Куили что-то смущенно пробормотала — она была сама не уверена, что именно — и направилась в сторону дороги. Когда она вошла в ущелье, солнце скрылось за облаками, и Мир стал более мрачным и тусклым. Она не солгала, но оставила этих воинов в неведении относительно угрожавшей им опасности. Она должна попытаться предотвратить кровопролитие. Милосердная Богиня! Кого она должна была защищать — работников, или колдунов, или воинов?

 

3

Уолли медленно возвращался вдоль пристани, собираясь с мыслями. Его сапоги гулко стучали по обветренным доскам, и в унисон им отдавались шаги шедшего рядом Ннанджи. Ннанджи в напряженном молчании ждал, какими открытиями намерен поделиться с ним великий лорд Шонсу.

Пристань была покрыта слоем навоза — вероятно, община поставляла скот в ближайший город, Ов. Река была очень широкой, дальний берег был едва различим, и ни один парус не нарушал монотонности серого неба и безжизненной воды. Возле Ханна Река была примерно такой же ширины, однако Ханн находился в четверти Мира отсюда. Река была везде, как сказал Хонакура, и за всю свою жизнь, разговаривая с пилигримами в храме, он ни разу не слышал каких-либо слов о ее источнике или устье. Вероятно, она была бесконечна, и везде примерно одна и та же, что с точки зрения географии было просто невозможно. Река была Богиней.

Ни одного паруса…

— Лодка исчезла!

— Да, милорд, — в голосе Ннанджи даже не прозвучало удивления.

Уолли поежился при виде подобного проявления божественной силы, но заставил себя вернуться к более насущным мыслям. Он уже дважды рассказывал свою историю, но на этот раз все должно было быть сложнее. Хонакура отнесся к ней как к упражнению в теологии. Веря во множественность миров и бесконечную последовательность жизней, он был озадачен лишь тем, что умерший Уолли Смит перевоплотился во взрослого Шонсу, а не в ребенка. Это было чудом, но жрецы могли поверить в чудеса. Хонакура хотел услышать о Земле и о предыдущей жизни Уолли, но Ннанджи это не интересовало.

Джию не заботил механизм или сущность происходящего. Ее вполне удовлетворяло, что человек, которого она любит, скрыт внутри тела воина, невидимка без ранга или гильдии, столь же чуждый Миру, как и она сама. Лишь благодаря этому рабыня посмела полюбить Седьмого. Отношение Ннанджи к подобному было бы совершенно иным.

Двое дошли до конца пирса и остановились.

— Ннанджи, мне нужно кое в чем признаться.
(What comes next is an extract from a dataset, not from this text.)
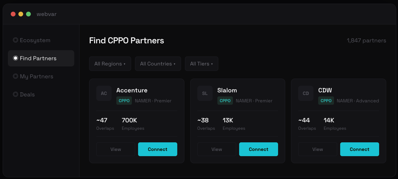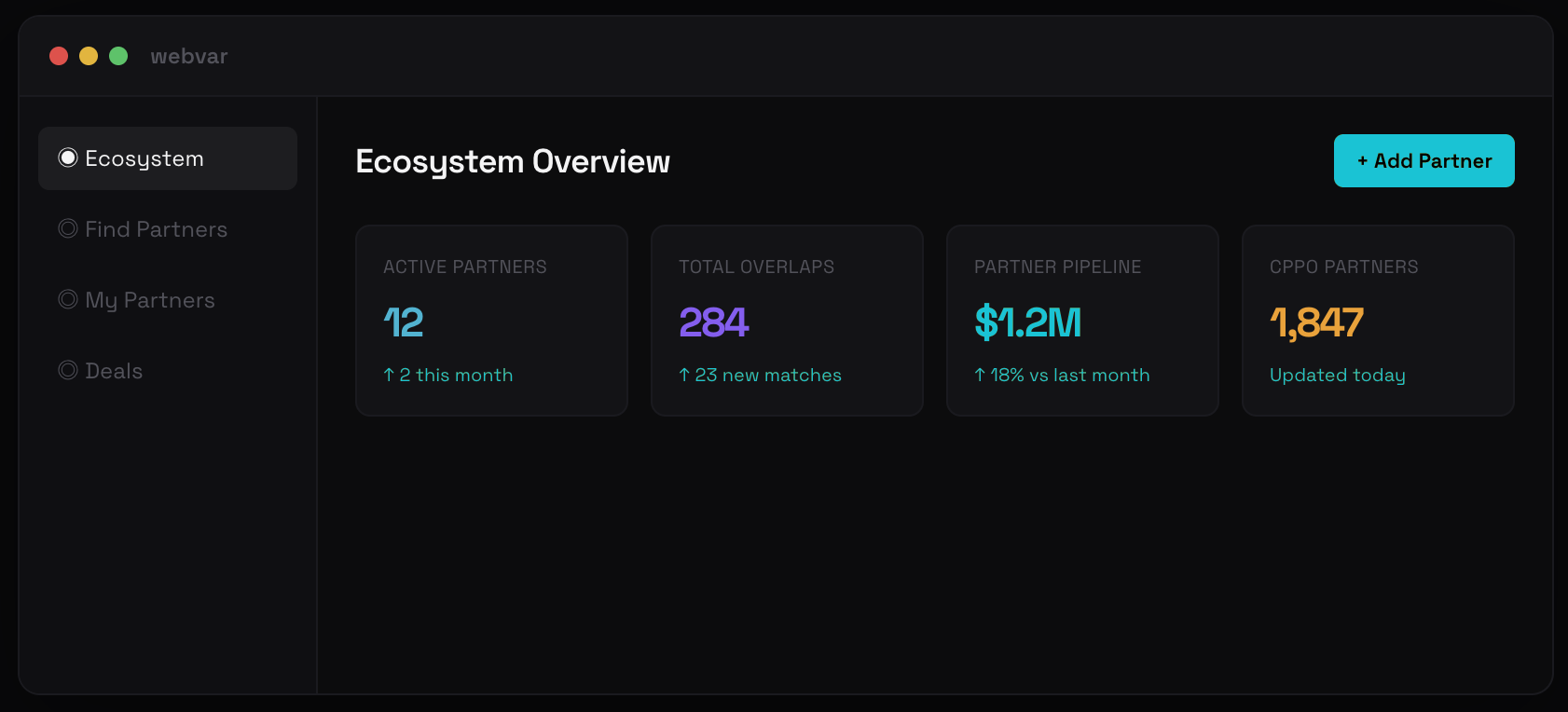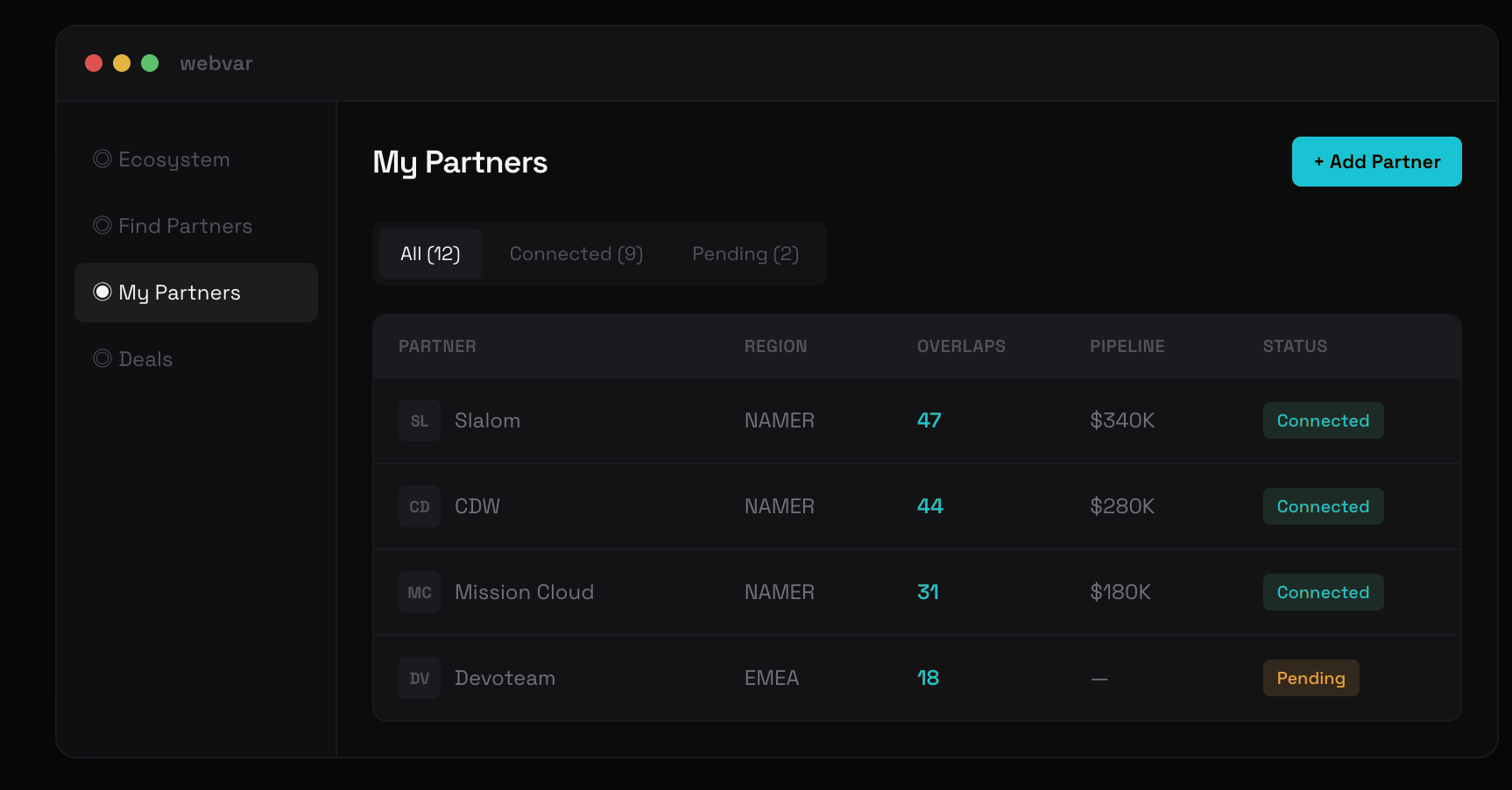 "Webvar helped us identify 3 reseller partners we'd never considered. Within 60 days, one of them sourced a $400K deal that closed through Marketplace."

Я никогда тебе не лгал, но я не сказал тебе всей правды.

Ннанджи моргнул.

— Зачем? Это тебя Богиня выбрала в качестве Ее посланника. Для меня большая честь, что мне позволено тебе помогать. Тебе незачем что-то еще мне говорить, лорд Шонсу.

Уолли вздохнул.

— Значит, похоже, я тебе все-таки солгал. Я сказал, что мое имя Шонсу… но это не так.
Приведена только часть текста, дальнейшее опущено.